Family Ride coffeeneuring in Seattle

I had a lot of fun participating in errandonneuring so there was no doubt I’d do the Third Annual Chasing Mailboxes Coffeeneuring Challenge and all ensuing Chasing Mailboxes challenges. I figured it’d be too easy, except for the part where I’d have to narrow it down to just seven coffees. I mean, we got waaaay more than seven days to visit seven coffee shops, I already bike every day, drink coffee, and–hello!–live in Seattle: birthplace of Starbucks, city with highest per capita bicyclists able to ride one-handed while drinking a cup of hot coffee, and home to five million kid-friendly coffee shops.
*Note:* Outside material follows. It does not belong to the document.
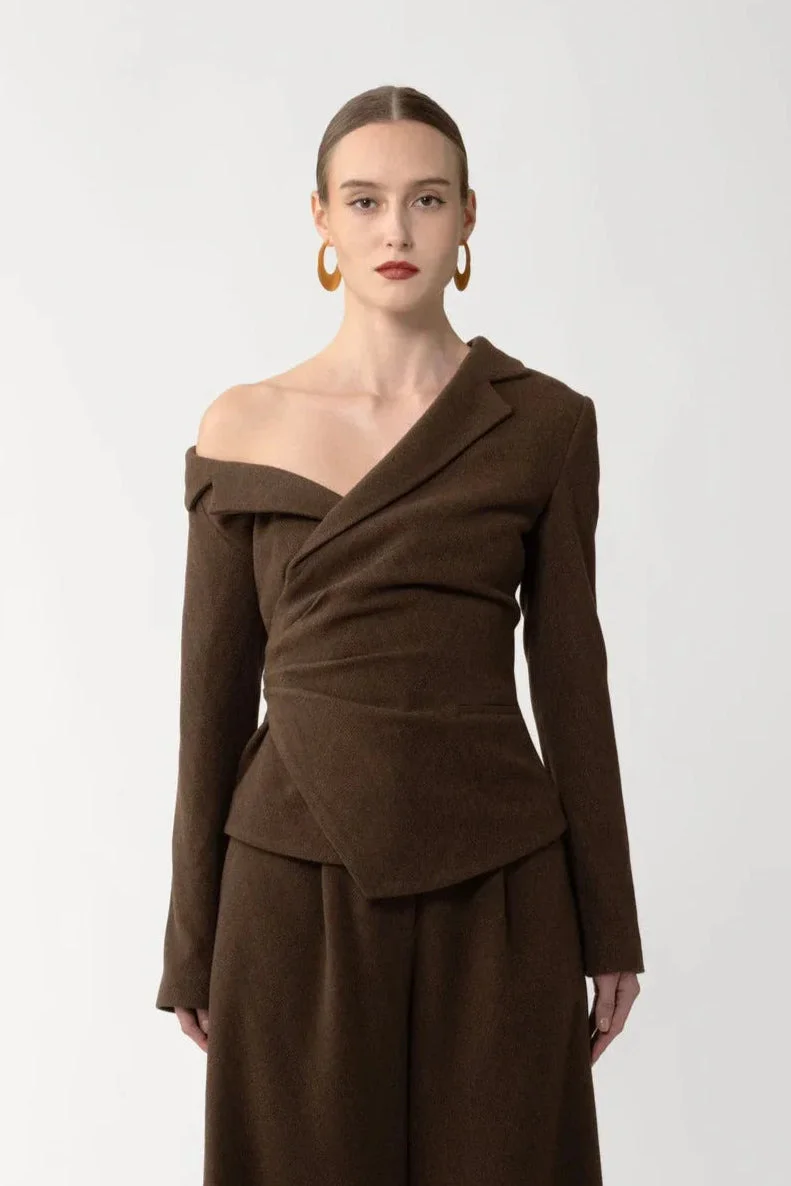 The Neve Top is cut from a wool blend with an asymmetric off-shoulder neckline and a waist-hugging fit. A modern approach to tailoring—designed to pair with the matching Neve Pant. SIZE & FIT • Fits true to size, take your normal size • Fully lined • Length (collar to hem): size 00 - 20.3", size 2 - 21.1", size 4 - 21.5", size 6 - 21.9", size 8 - 22.2", size 10 to size 14 - 22.6" • Model's measurements: height 5'10" bust 31.5" waist 23" hips 35" • Model is wearing size 2 MATERIAL & CARE • Shell - 60% Polyester, 16% Acrylic, 14% Cotton, 9% Wool, 1% Spandex • Lining - 97% Polyester, 3% Spandex • Garment Care: Hand wash separately or dry clean

But I nearly didn’t get it done thanks to an unexpected weekend car trip to Salt Spring Island, a Sunday lost to a pulled back muscle, and days where I failed squeezing in a coffee purchase despite being out and about all damn day. I wasn’t even sure until tallying today if I’d coffeeneured seven times–thank goodness I forced an evening stop on Saturday in case my Sunday submission is tossed out for cheating.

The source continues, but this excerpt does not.